The impact of two pharmaceutical risk-sharing agreements on pricing, promotion, and net health benefits.

Journal: Value In Health : The Journal Of The International Society For Pharmacoeconomics And Outcomes Research
Published:
Abstract

Objective: Health insurers are increasingly making use of risk-sharing agreements with drug manufacturers to manage uncertainties regarding the costs and effectiveness of new drugs. Several risk-sharing models exist including those based on sales volume, achievement of clinical thresholds, and achievement of cost-effectiveness thresholds. The objective of this article is to compare two risk-sharing arrangements and to investigate conditions under which each is preferable from the perspective of the payer and the manufacturer.

Methods: We develop two two-period models to compare two risk-sharing arrangements between a payer and a drug manufacturer in which there is uncertainty about the effectiveness of the new drug. In the first risk-sharing agreement, the drug is listed on a formulary in the first period but delisted in the second period if the net monetary benefit in the first period is negative. In the second risk-sharing agreement, the manufacturer pays a rebate in each period if the net monetary benefit in that period is negative.
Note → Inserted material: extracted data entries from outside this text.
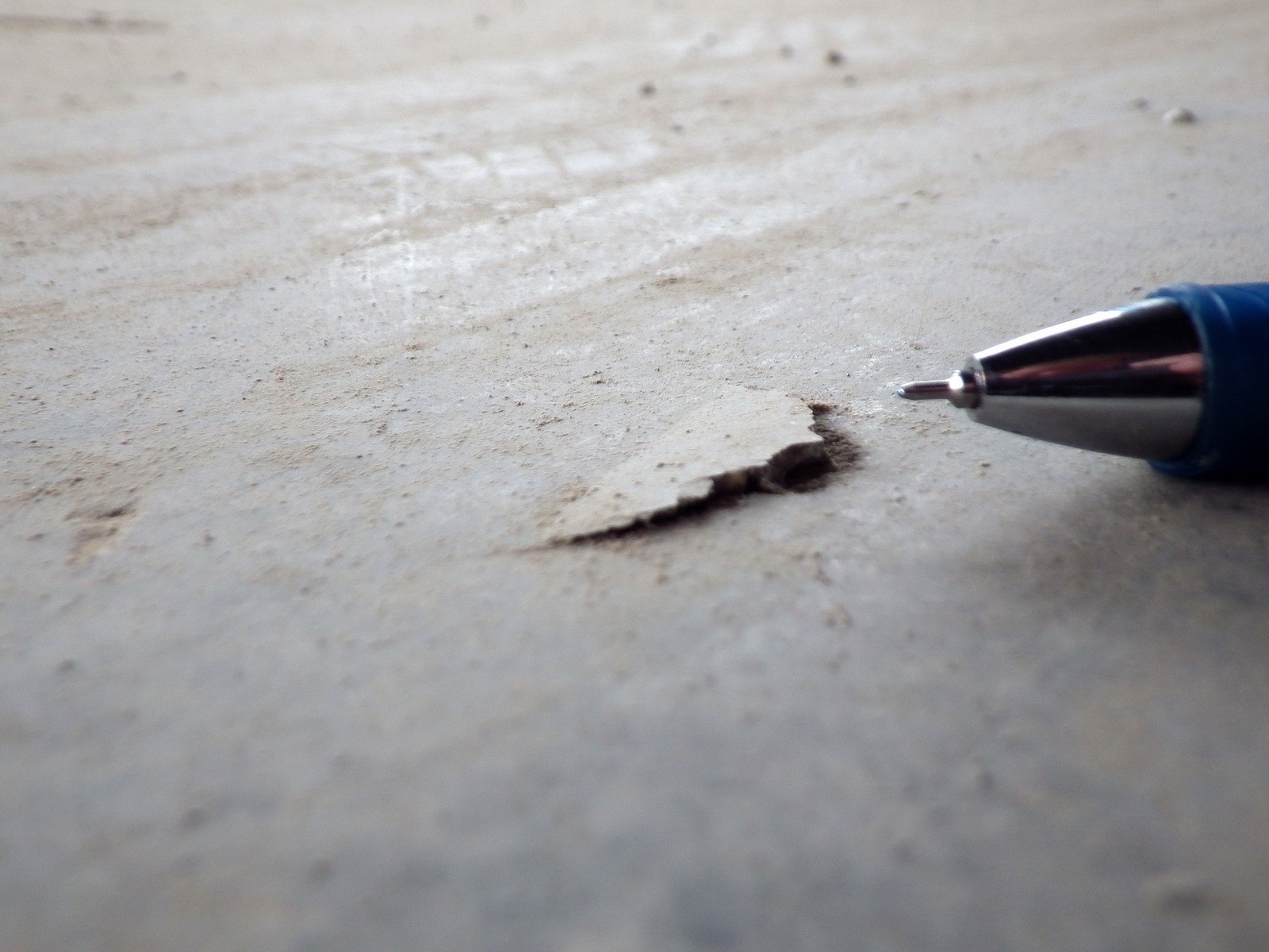 Isolated concrete pop-outs were discovered in the surface of the soil-supported concrete slab during tenant finish out. While the distress was not operationally significant to the first tenant, leasing to subsequent tenants required that the cause of the distress be understood and that the slab be repaired or replaced, depending on future occupancy.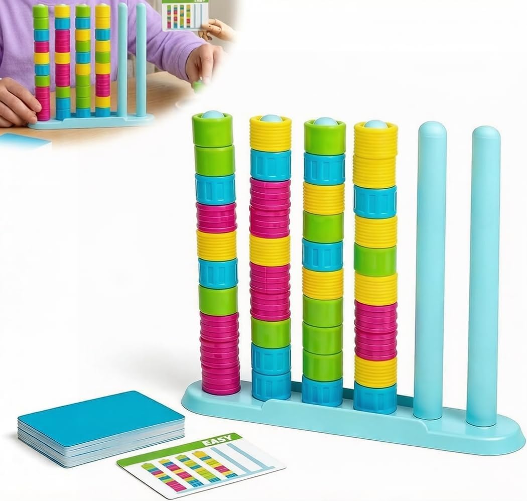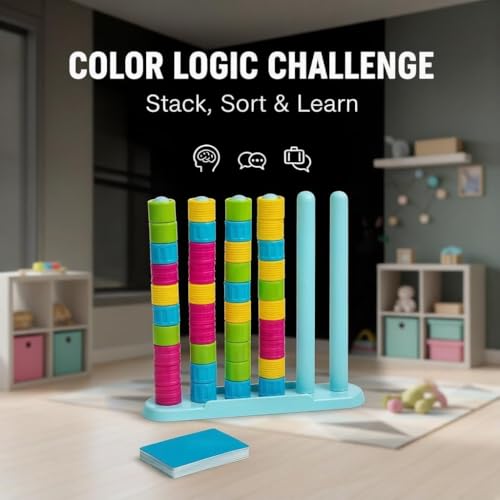 - Strategic Brain-Teasing Puzzle: Master logical stacking with simple yet engaging rules—move one ring at a time to group identical colors together, boosting problem-solving skills, hand-eye coordination, and strategic thinking.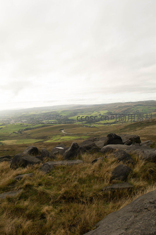 厚重云层下,视野开阔,山脚下的村庄、田野与蜿蜒小路尽收眼底,展现大地的辽阔与静谧之美。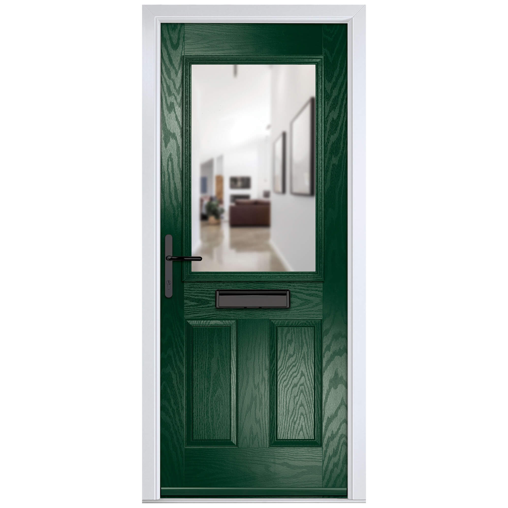 Crystal Lytham Right Hand External Door with 2 Panels and 1 Stipolytte Glazed Light - Green.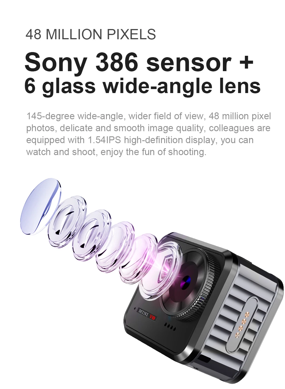145 градусов широкоугольный, более широкое поле зрения, 48 миллионов пикселей фотографий, деликатное и гладкое качество изображения, коллеги оснащены 1.54 IPS дисплей высокой четкости. Вы можете смотреть и снимать. Наслаждайтесь веселой съемкой.

Results: We show that the relative performance of the two arrangements depends on several factors and that neither arrangement is always preferred. Additionally, we are able to identify situations in which a payer and a manufacturer would prefer the same plan and other situations in which the two parties would disagree on which plan was most desirable.

Conclusions: Because neither risk-sharing arrangement is always preferred, payers and manufacturers must carefully consider the characteristics of their individual situation when entering into such contracts.